From the listing below, output only the lines starting at the line that has "בית כנסת שרוף" and ending at the line that has "情侣结婚本命年大红色睡衣秋冬春新款圆领长袖套装家居服可外穿男", exactly as they appear, ends included.

Data:
########
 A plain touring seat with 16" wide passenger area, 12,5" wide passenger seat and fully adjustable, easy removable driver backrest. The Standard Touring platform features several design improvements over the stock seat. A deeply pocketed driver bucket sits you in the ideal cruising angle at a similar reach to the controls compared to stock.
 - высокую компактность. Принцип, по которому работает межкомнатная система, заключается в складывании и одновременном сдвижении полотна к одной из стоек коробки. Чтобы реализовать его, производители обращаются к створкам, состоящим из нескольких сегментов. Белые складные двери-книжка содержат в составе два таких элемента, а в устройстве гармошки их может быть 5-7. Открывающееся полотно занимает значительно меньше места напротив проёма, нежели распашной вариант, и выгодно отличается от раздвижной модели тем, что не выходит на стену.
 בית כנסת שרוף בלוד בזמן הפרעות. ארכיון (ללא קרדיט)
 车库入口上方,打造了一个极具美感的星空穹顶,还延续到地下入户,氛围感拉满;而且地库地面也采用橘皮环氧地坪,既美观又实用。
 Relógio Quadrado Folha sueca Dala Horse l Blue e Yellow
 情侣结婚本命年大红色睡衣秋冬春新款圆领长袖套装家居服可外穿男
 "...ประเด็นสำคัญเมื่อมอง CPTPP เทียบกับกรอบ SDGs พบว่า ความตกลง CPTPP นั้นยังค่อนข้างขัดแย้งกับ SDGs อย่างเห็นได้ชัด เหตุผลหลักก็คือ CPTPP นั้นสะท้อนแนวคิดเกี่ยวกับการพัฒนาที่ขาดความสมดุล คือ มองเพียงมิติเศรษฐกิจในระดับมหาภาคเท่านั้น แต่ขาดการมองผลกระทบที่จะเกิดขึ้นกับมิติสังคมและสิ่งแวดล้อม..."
########
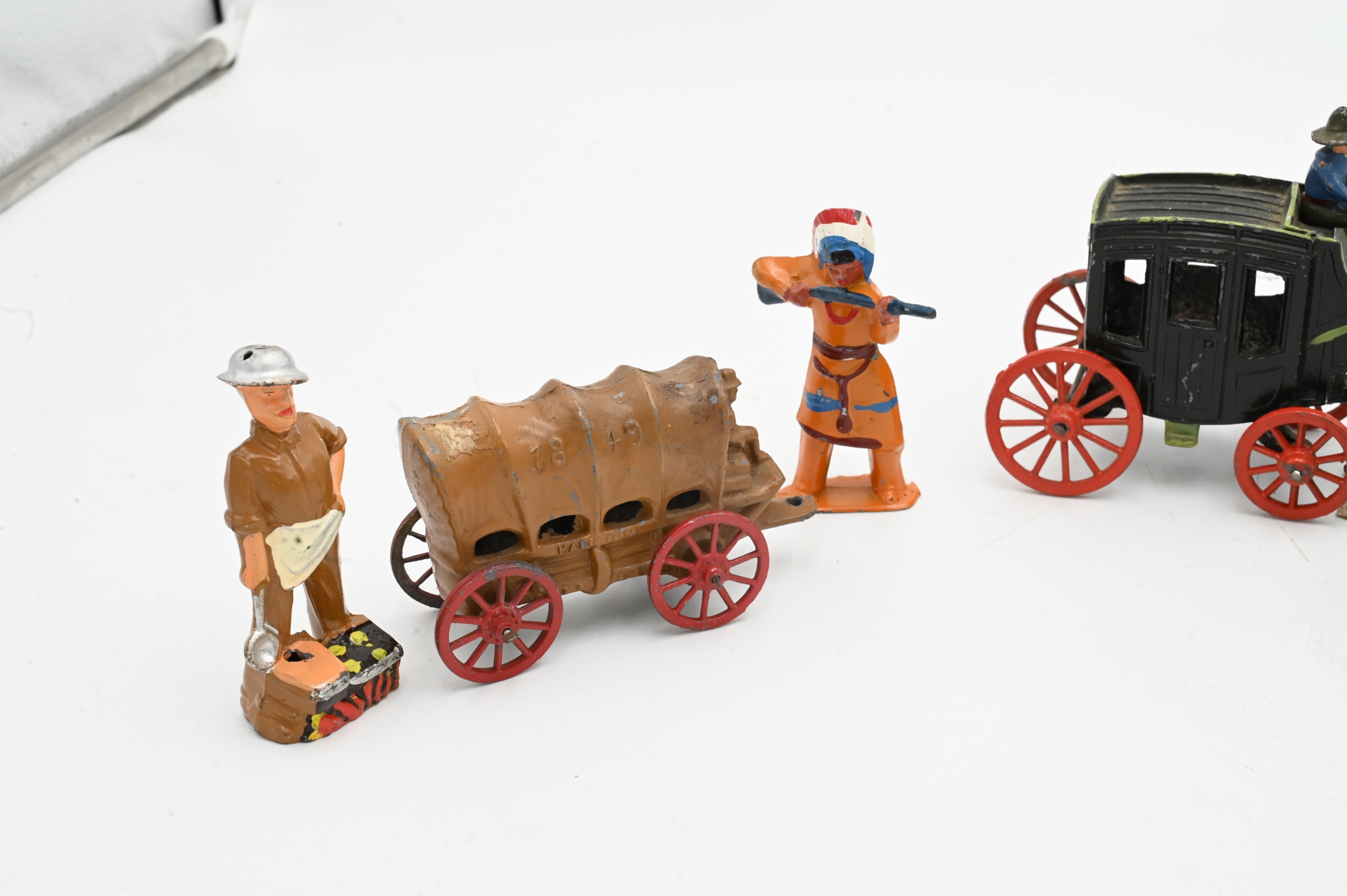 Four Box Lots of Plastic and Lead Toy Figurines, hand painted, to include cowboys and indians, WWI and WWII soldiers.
########
Answer area:
 בית כנסת שרוף בלוד בזמן הפרעות. ארכיון (ללא קרדיט)
 车库入口上方,打造了一个极具美感的星空穹顶,还延续到地下入户,氛围感拉满;而且地库地面也采用橘皮环氧地坪,既美观又实用。
 Relógio Quadrado Folha sueca Dala Horse l Blue e Yellow
 情侣结婚本命年大红色睡衣秋冬春新款圆领长袖套装家居服可外穿男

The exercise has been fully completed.